In 2007, Adeleke was elected senator for Osun West. His main competitor was Mudasiru Oyetunde Hussein, standing for the Action Congress. Hussein had spent two terms in the House of Representatives (1999–2007) as a member of the Alliance for Democracy party in a Lagos State constituency, but originated from Osun state. Hussein appealed the election unsuccessfully.
Isiaka Adetunji Adeleke was appointed to committees on Upstream Petroleum Resources, Integration and Cooperation, Housing and Air Force.

In March 2008, he instituted a scholarship award for about 100 indigent students in tertiary institutions across the country.
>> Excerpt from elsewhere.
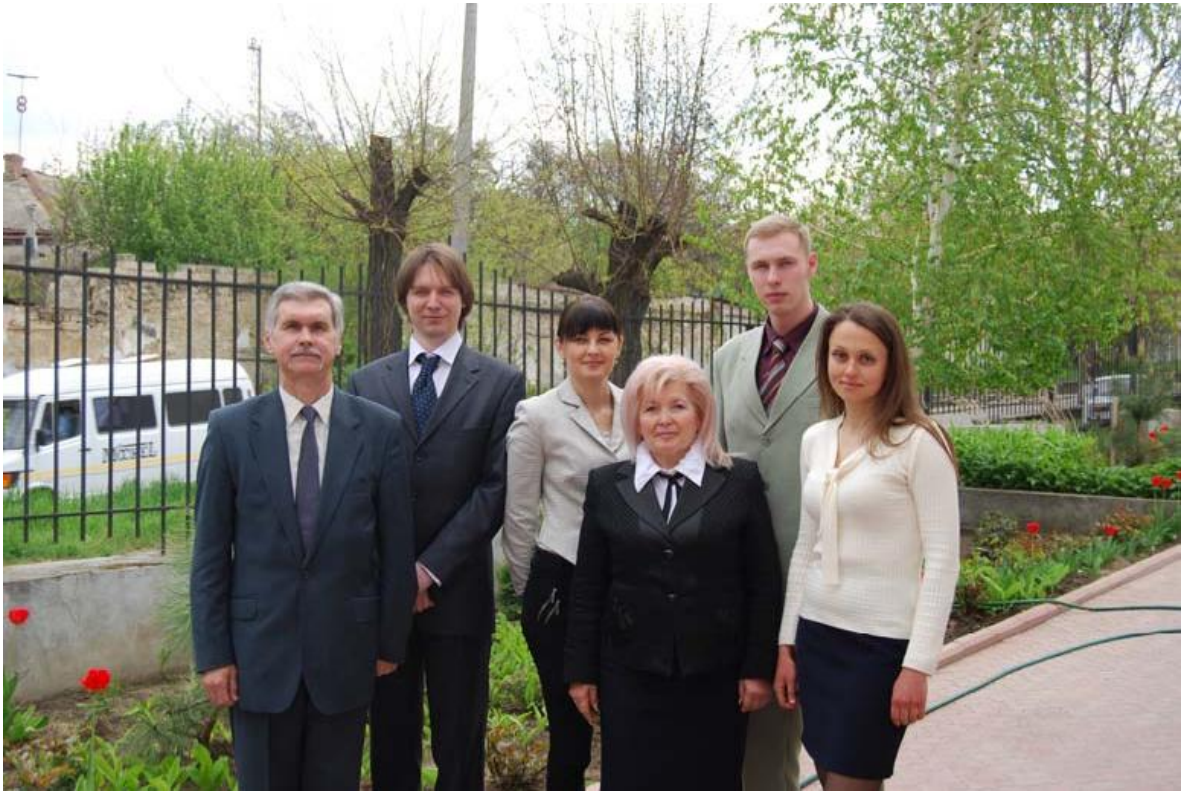
Колектив кафедри політичних наук
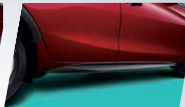
BỘ ỐP SƯỜN XE

In July 2009, as chairman of the Senate Committee on INEC, Senator Isiaka Adetunji Adeleke praised the work of the Independent National Electoral Commission, saying "so far INEC has performed creditably well".
He has supported the rights of Nigerians living abroad to vote in Nigerian elections.
Adeleke, before his death was allegedly eyeing the governorship seat in Osun ahead of the 2018 election in the state.

==Death==
Adeleke suffered a heart attack. He died on 23 April 2017 at Biket Hospital in Osogbo, the Osun State capital. It was a sad experience for the residents of Osun State, his family and well-wishers.